Raw data:

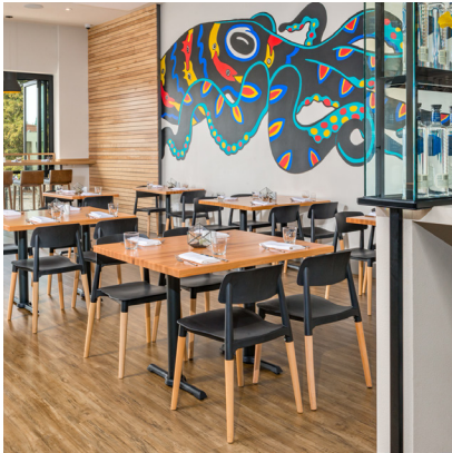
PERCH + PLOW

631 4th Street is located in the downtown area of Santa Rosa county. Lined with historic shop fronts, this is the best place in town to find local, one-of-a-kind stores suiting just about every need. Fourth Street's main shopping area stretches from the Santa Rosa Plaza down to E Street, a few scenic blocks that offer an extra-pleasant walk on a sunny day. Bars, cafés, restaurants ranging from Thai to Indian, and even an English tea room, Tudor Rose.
...
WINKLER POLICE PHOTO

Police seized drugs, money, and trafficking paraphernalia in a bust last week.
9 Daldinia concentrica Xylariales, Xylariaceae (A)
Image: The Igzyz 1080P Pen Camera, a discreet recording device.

Exercise objective: What is needed is an exact copy of the lines above, from the one containing "9 Daldinia concentrica" through the one containing "Image: The Igzyz", with nothing added.

Written reply:
9 Daldinia concentrica Xylariales, Xylariaceae (A)
Image: The Igzyz 1080P Pen Camera, a discreet recording device.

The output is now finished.